Resilience is increasingly top of mind for today’s companies — and not just in light of the recent COVID-19 pandemic. Over the past decade, businesses and their investors have become more aware of the potentially devastating impacts that external factors, like environmental conditions and natural disasters, can have on their assets. Now, companies will need to consider how public health crises factor into that risk.
Not to be confused with sustainability, resilience is the capacity for an entity to survive and prosper in the face of shocks and stresses. While the global pandemic is the perfect example of a shock, businesses can also be vulnerable to less visible, slow-burning stressors, such as drought conditions or rising sea levels.

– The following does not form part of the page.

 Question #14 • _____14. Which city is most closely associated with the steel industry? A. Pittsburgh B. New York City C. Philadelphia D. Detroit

Increasingly, real estate owners are expected to collect, analyze, and report accurate ESG (environmental, social, governance) data, which sheds light not only on a company’s impact on the environment, but also on its capacity for resilience in the event of a disaster. These factors include the extent to which a company’s assets might be impacted by hurricanes, floods, wildfires, and other factors intensified by climate change. Managing this data across a company’s entire portfolio of assets can be daunting without the help of a nimble, tech-founded solution.
Now, more than ever, companies that use technology to own and manage their data and maintain control over their assets in-house will be in the best position to sustain their businesses and continue to attract capital.

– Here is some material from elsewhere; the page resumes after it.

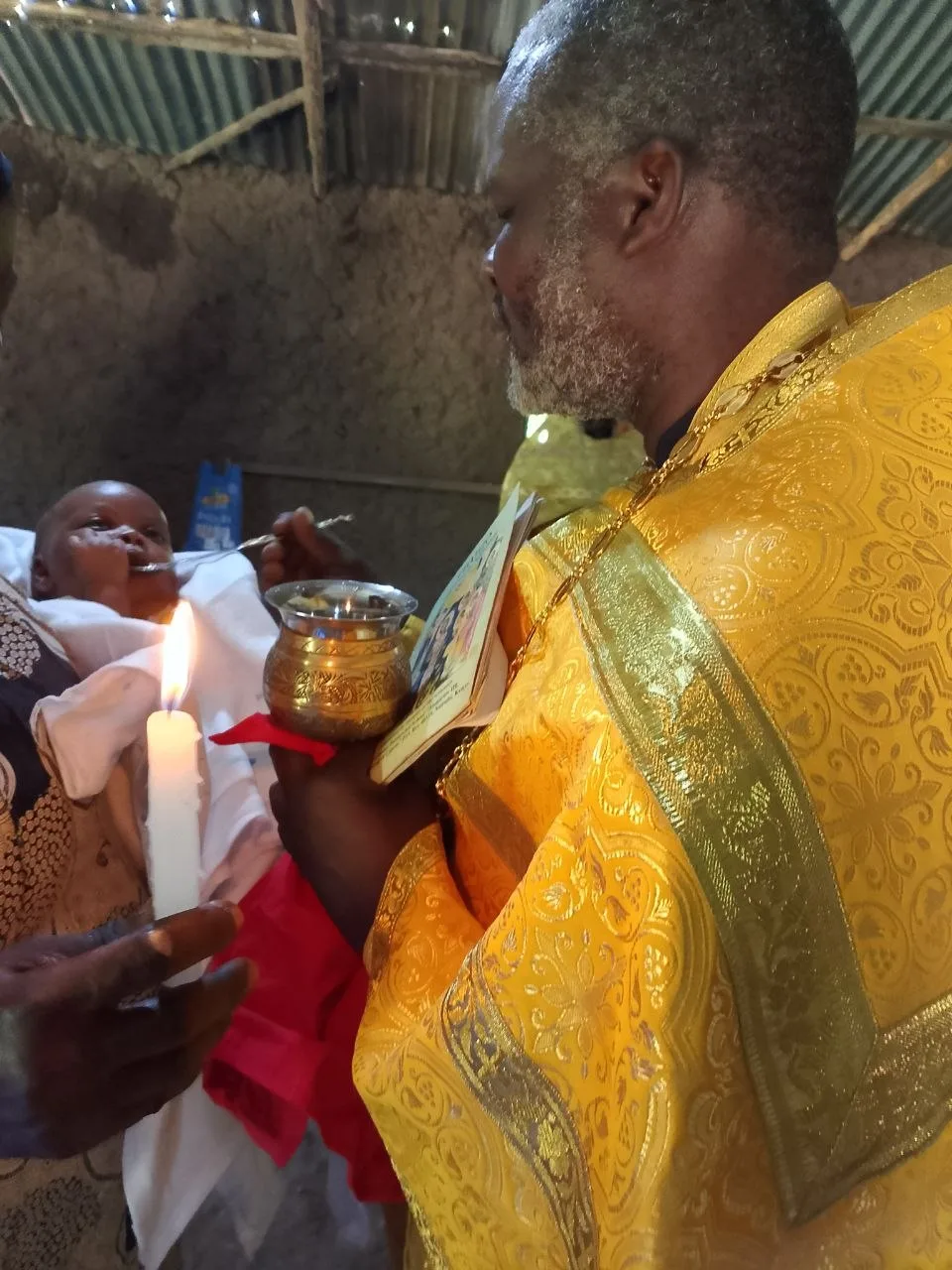 Перед богослужением священники совершили таинство Крещения младенца Глории, дочери прихожан.

Increased access to capital will soon become even more important as firms are more diligent about where they invest. Financial advisory firm Green Capital recommends that throughout the COVID-19 crisis, investors should continue to focus on companies that “remove risk from the situation” by taking the initiative to prepare for long-term risks like climate change.
To stay ahead of the curve, real estate owners should be well positioned to initiate the conversation with investors regarding how their assets are managed and the initiatives they’ve taken to become even more sustainable and resilient.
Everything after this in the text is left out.